Some criteria are necessary, to be sure. I wouldn't put any extension in the os. library, for example, unless there was a reasonably chance that it could be implemented on most OSs.

Putting extensions in an os.ext. library doesn't solve the problem of tesing. You still have to test for the os.ext library *and* you have to test to see if the particular extension you want is there, unless *every* extension goes into a separate subsublibrary, which gets ridiculous (or at least javaesque).

So it seems to me that .ext adds no value. Even in the standard os library, there are some interfaces which may fail on certain platforms, so you cannot even say that .ext is a reminder that the function may not work.

I've understood that your point is to define standard interfaces for common tasks present in several operating systems. But I also believe that some form of standardisation begins with the namespace usage.

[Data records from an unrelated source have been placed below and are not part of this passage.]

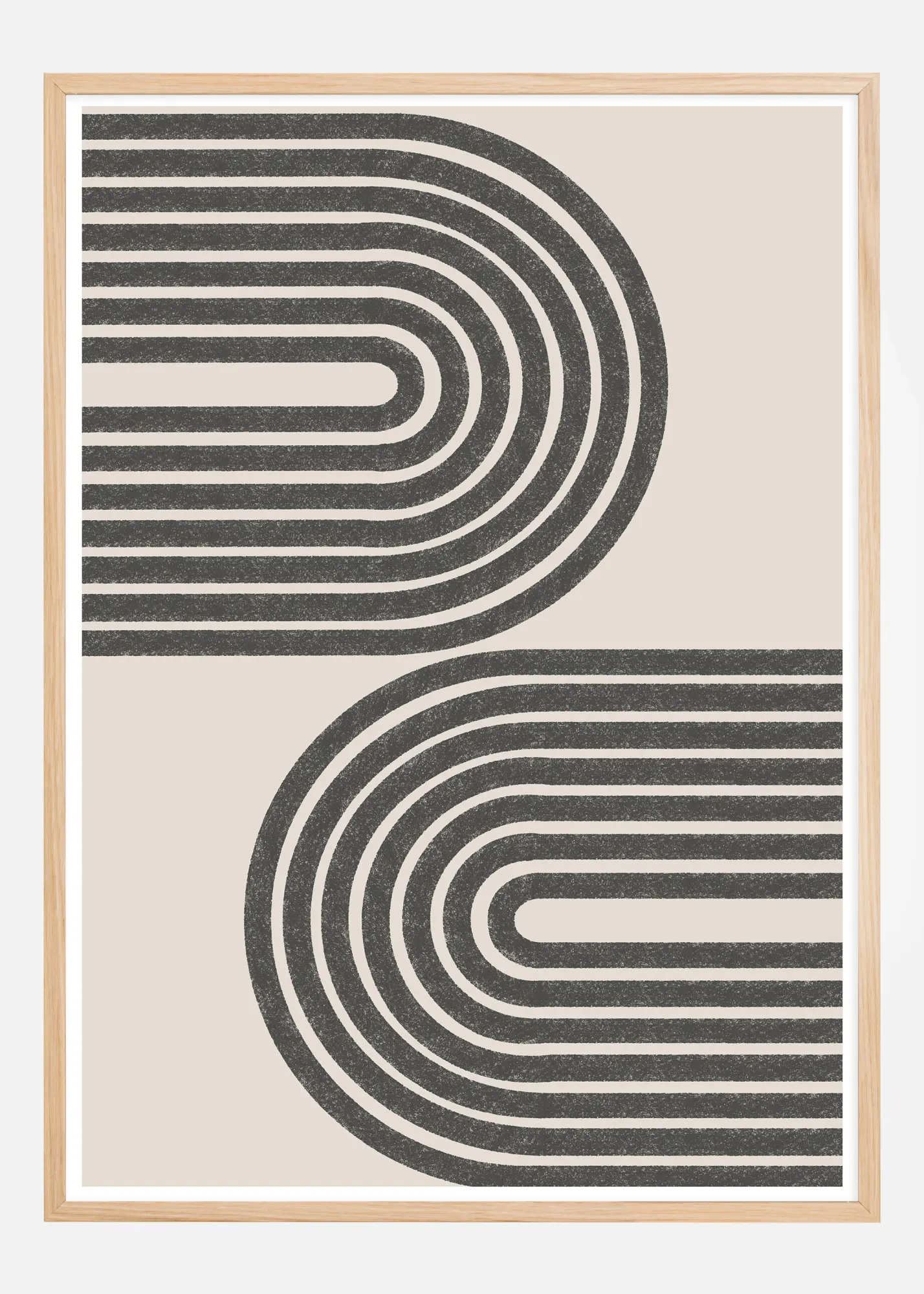 Ce poster élégant et contemporain se distingue par sa composition dynamique de formes concentriques doubles qui se fondent dans une danse élégante. Le design équilibre mouvement et quiétude, avec des lignes noires qui ondulent harmonieusement sur un fond chaud et neutre. La structure ludique mais ordonnée en noir et ivoire est un excellent ajout pour le client soucieux du design à la recherche d'une impression accrocheuse pour rehausser son espace domestique ou de bureau.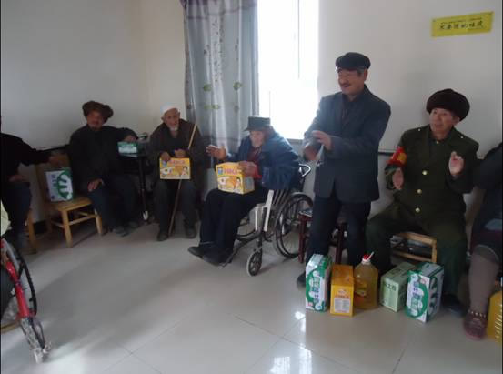 志愿者们到敬老院在与老人们一起聊天,听老人们讲他们的故事,帮老人们打扫卫生,并为老人们送去慰问品,向老人们传达了青年志愿者们对老人们的关心和慰问。同时表示今后团委将积极动员社会各界力量,积极动员并组织更多的志愿者参与到敬老爱老助老活动,努力为老人们营造一个号的生活氛围,让每一个老人都能更好的安度晚年。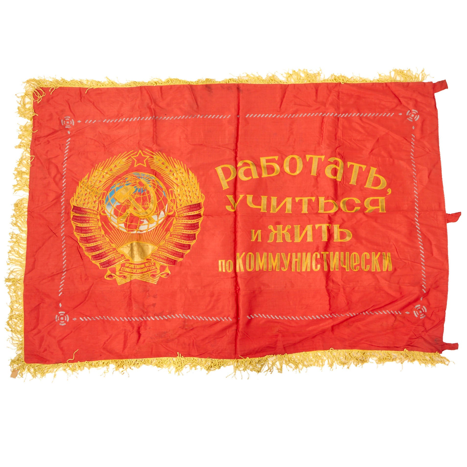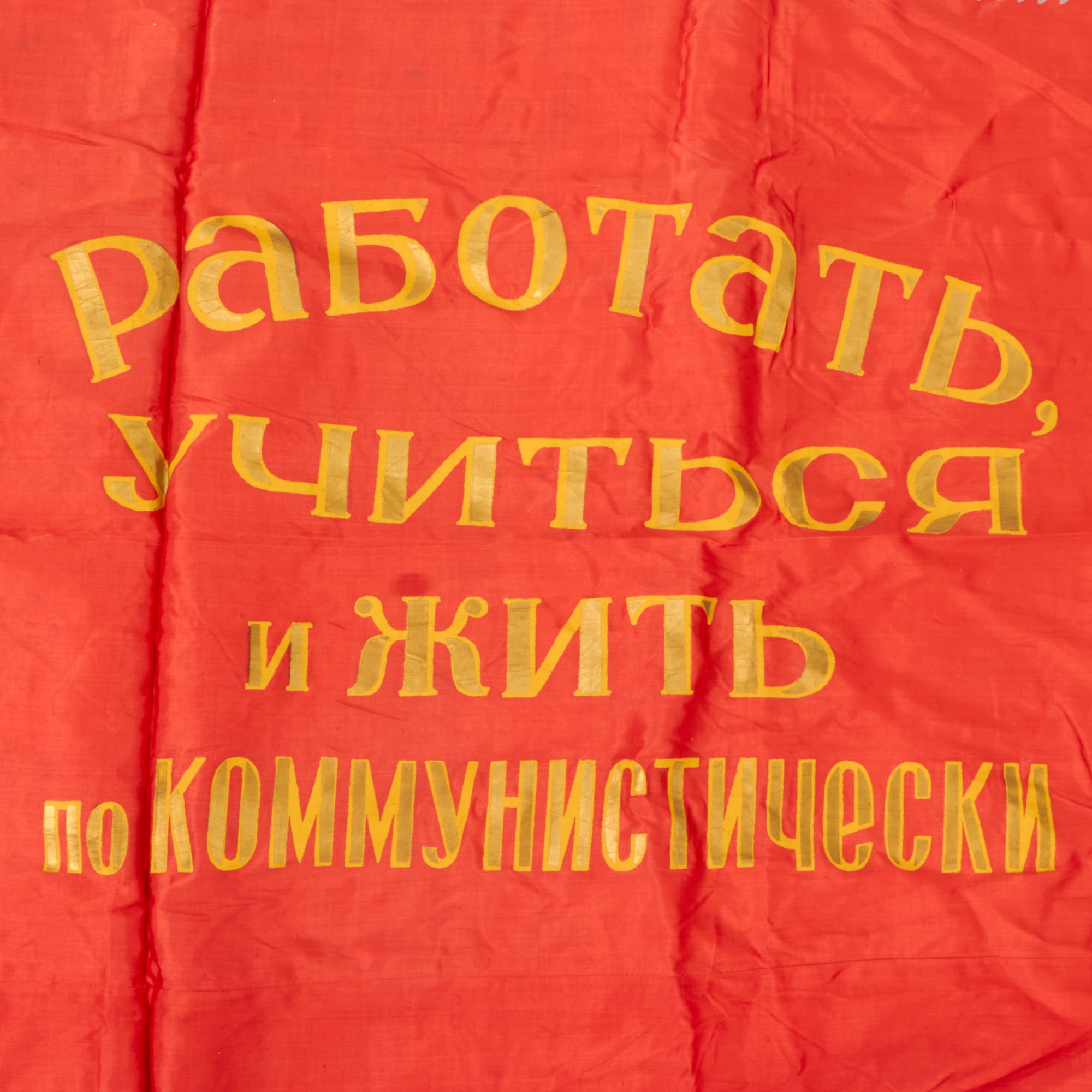 One side of the banner has text over the emblem reading COMPETITION BANNER with the text below reading THE WINNER OF THE SOCIALIST COMPETITION. The other side of the banner has text roughly translating to WORK, LIVE, STUDY COMMUNISTICALLY, words to live by if you live in a Communist country!
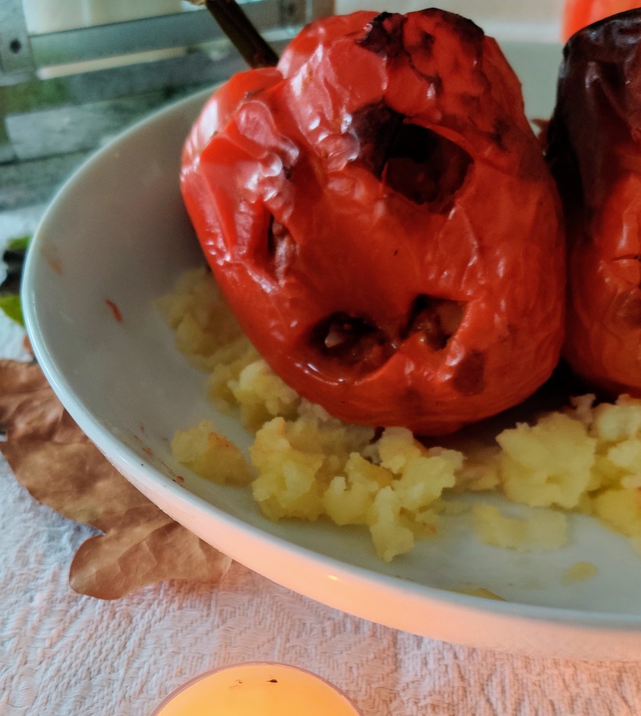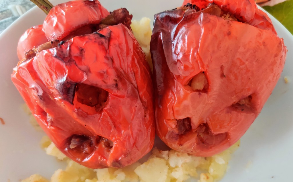 - Place the potatoes on the plate and then add 1 – 2 peppers on as well.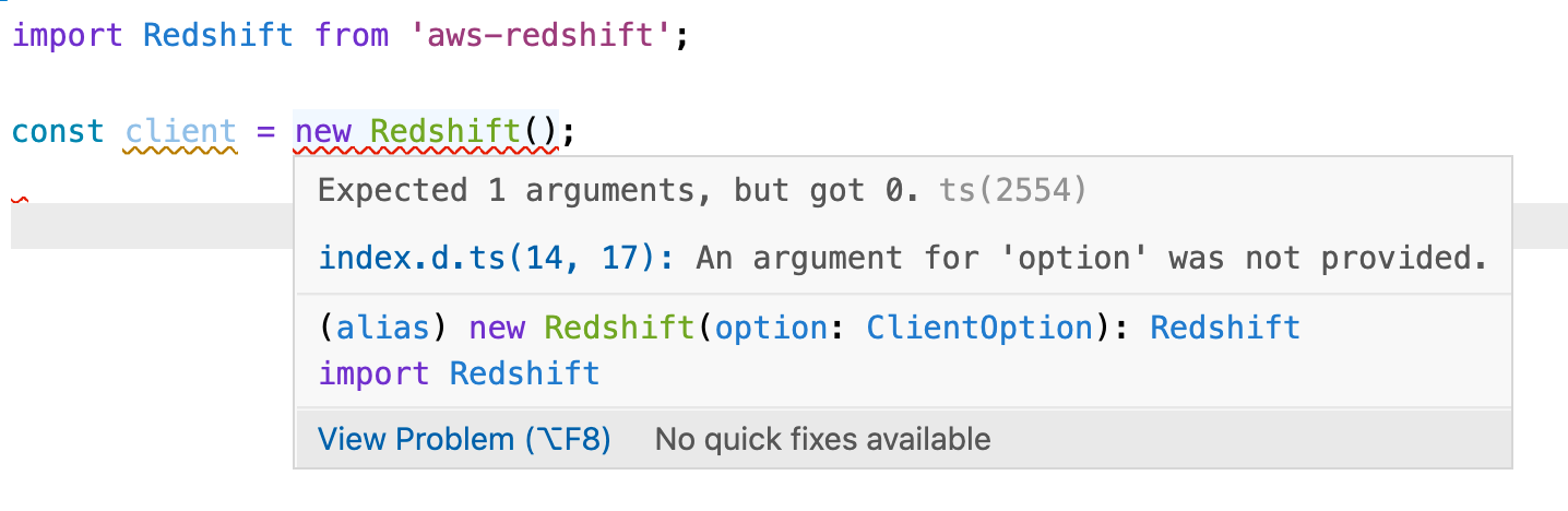 기존 타입 정의에 declare module 'aws-redshift' 한줄만 넣었을 때와 달리 객체를 생성하려고 할 경우, 생성하기 위한 'option' 이라는 인자가 들어오지 않았다고 IDE 에서 알려줍니다. 위의 타입 정의에서 constructor(option: ClientOption) 이 들어가있기 때문입니다.

That's why I think "ext" has its value. Let's take OpenGL, for instance. When you read the OpenGL especification you know that whenever a vendor says its product is OpenGL-compliant, everything that you read must apply. But some vendors introduce their extensions to OpenGL, and there is a definite naming scheme for them (GL_ATI_*, GL_NV_*). If later one of those extensions is adopted by several vendors, it's gonna receive a GL_EXT_* name. I think that's nice because you only have to test for the features that may not be present, depending on the user hardware. Those features are marked as extensions. Similarly, when you read the Lua Manual you know that everything there holds for every ANSI C-compliant platform. There is no need to test for anything. But if you need os.ext.delay, you know you must test if it exists because of the "ext" in the name. In the end, I think the clarity of the name pays off.